All of lore.kernel.org
 help / color / mirror / Atom feed
From: Vladimir Sementsov-Ogievskiy <vsementsov@virtuozzo.com>
To: John Snow <jsnow@redhat.com>, qemu-devel@nongnu.org
Cc: Kevin Wolf <kwolf@redhat.com>,
	pkrempa@redhat.com, Eduardo Habkost <ehabkost@redhat.com>,
	qemu-block@nongnu.org, Markus Armbruster <armbru@redhat.com>,
	Max Reitz <mreitz@redhat.com>, Cleber Rosa <crosa@redhat.com>
Subject: Re: [PATCH 1/6] block: add bitmap-populate job
Date: Wed, 26 Feb 2020 08:07:07 +0300	[thread overview]
Message-ID: <d462c95f-a616-1ddb-f0fd-650be113c384@virtuozzo.com> (raw)
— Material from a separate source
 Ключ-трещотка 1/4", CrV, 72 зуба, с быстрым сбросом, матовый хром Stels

In-Reply-To: <5c03a2b5-7cba-b347-da80-f9d9acaccb6e@redhat.com>

25.02.2020 23:41, John Snow wrote:
> 
> 
> On 2/25/20 11:04 AM, Vladimir Sementsov-Ogievskiy wrote:
>> 25.02.2020 3:56, John Snow wrote:
>>> This job copies the allocation map into a bitmap. It's a job because
>>> there's no guarantee that allocation interrogation will be quick (or
>>> won't hang), so it cannot be retrofit into block-dirty-bitmap-merge.
>>>
>>> It was designed with different possible population patterns in mind,
>>> but only top layer allocation was implemented for now.
>>>
>>> Signed-off-by: John Snow <jsnow@redhat.com>
>>> ---
>>>    qapi/block-core.json      |  48 +++++++++
>>>    qapi/job.json             |   2 +-
>>>    include/block/block_int.h |  21 ++++
>>>    block/bitmap-alloc.c      | 207 ++++++++++++++++++++++++++++++++++++++
>>>    blockjob.c                |   3 +-
>>>    block/Makefile.objs       |   1 +
>>>    6 files changed, 280 insertions(+), 2 deletions(-)
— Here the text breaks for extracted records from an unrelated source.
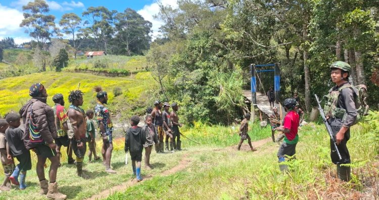 LANNY JAYA - Suasana tegang di Kampung Tumbupur, Distrik Kuyawage, Kabupaten Lanny Jaya, Papua Pegunungan, pada Jumat (6/2/2026) perlahan mencair berkat kehadiran prajurit Satgas Yonif 408/Sbh TK Tumbupur. Mereka turun tangan langsung, bertindak sebagai penengah dalam perselisihan adat yang berpotensi memecah belah kerukunan masyarakat setempat yang sangat menjunjung tinggi nilai adat dan budaya.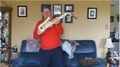 Doug McManaman balanced a saxophone on his forehead for one minute, 33.30 seconds while sitting.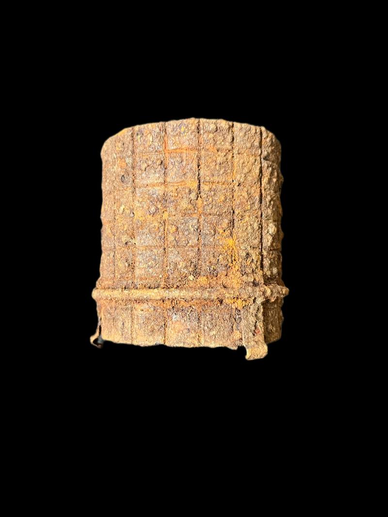 This is a WW2 German M24/ M43 Stick grenade fragmentation sleeve which still maintains its 3 catches. Found in Latvia Kurland Pocket.

>>>    create mode 100644 block/bitmap-alloc.c
>>>
>>> diff --git a/qapi/block-core.json b/qapi/block-core.json
>>> index 85e27bb61f..df1797681a 100644
>>> --- a/qapi/block-core.json
>>> +++ b/qapi/block-core.json
>>> @@ -2245,6 +2245,54 @@
>>>          { 'command': 'block-dirty-bitmap-merge',
>>>            'data': 'BlockDirtyBitmapMerge' }
>>>    +##
>>> +# @BitmapPattern:
>>> +#
>>> +# An enumeration of possible patterns that can be written into a bitmap.
>>> +#
>>> +# @allocation-top: The allocation status of the top layer
>>> +#                  of the attached storage node.
>>> +#
>>> +# Since: 5.0
>>> +##
>>> +{ 'enum': 'BitmapPattern',
>>> +  'data': ['allocation-top'] }
>>> +
>>> +##
>>> +# @BlockDirtyBitmapPopulate:
>>> +#
>>> +# @job-id: identifier for the newly-created block job.
>>> +#
>>> +# @pattern: What pattern should be written into the bitmap?
>>> +#
>>> +# @on-error: the action to take if an error is encountered on a bitmap's
>>> +#            attached node, default 'report'.
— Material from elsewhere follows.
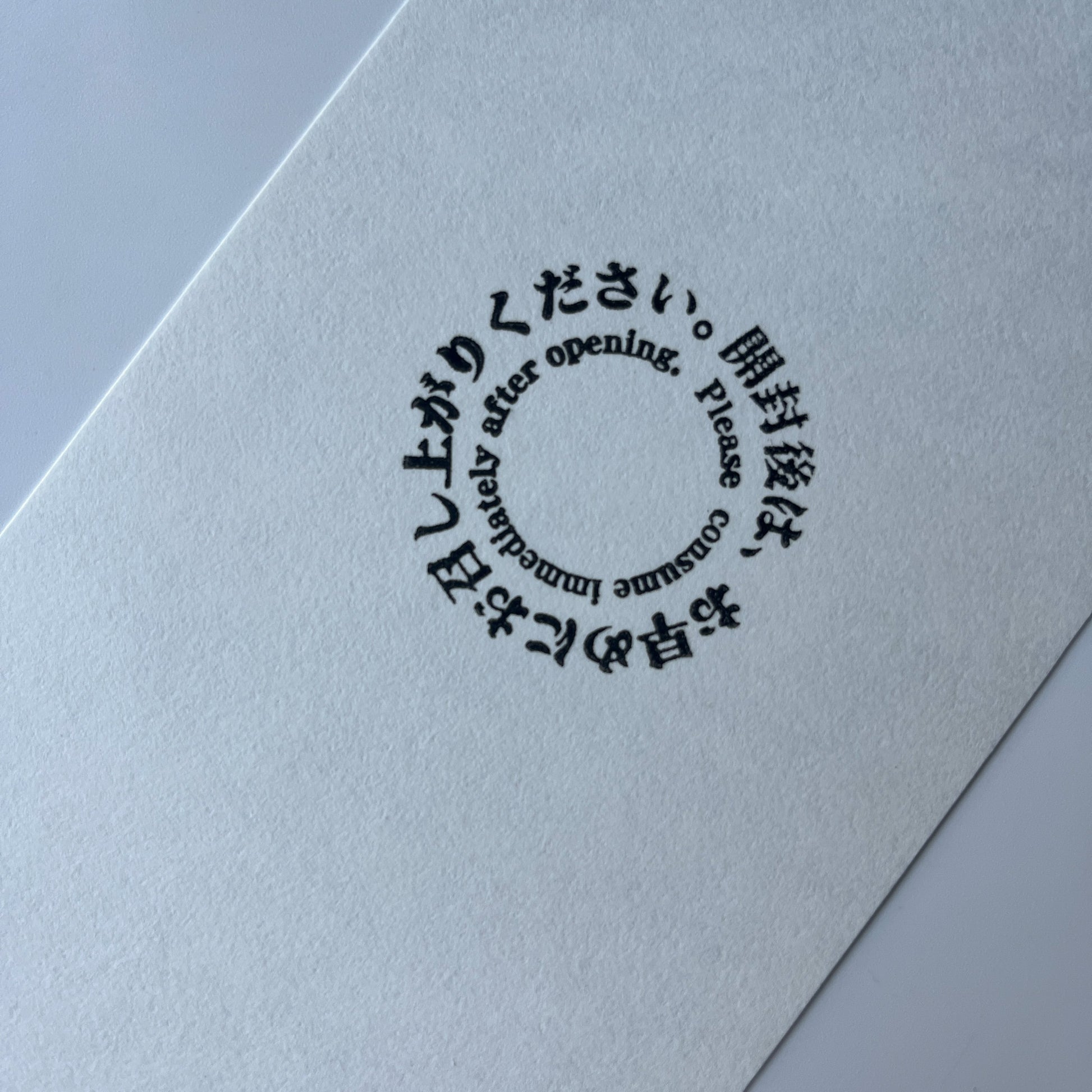 お早めにお召し上がりください木製スタンプ_直径4㎝

>>> +#            'stop' and 'enospc' can only be used if the block device
>>> supports
>>> +#            io-status (see BlockInfo).
>>> +#
>>> +# @auto-finalize: When false, this job will wait in a PENDING state
>>> after it has
>>> +#                 finished its work, waiting for @block-job-finalize
>>> before
>>> +#                 making any block graph changes.
>>
>> sounds a bit strange in context of bitmap-population job
>>
> 
> Yeah, you're right. Copy-pasted for "consistency".
> 
>>> +#                 When true, this job will automatically
>>> +#                 perform its abort or commit actions.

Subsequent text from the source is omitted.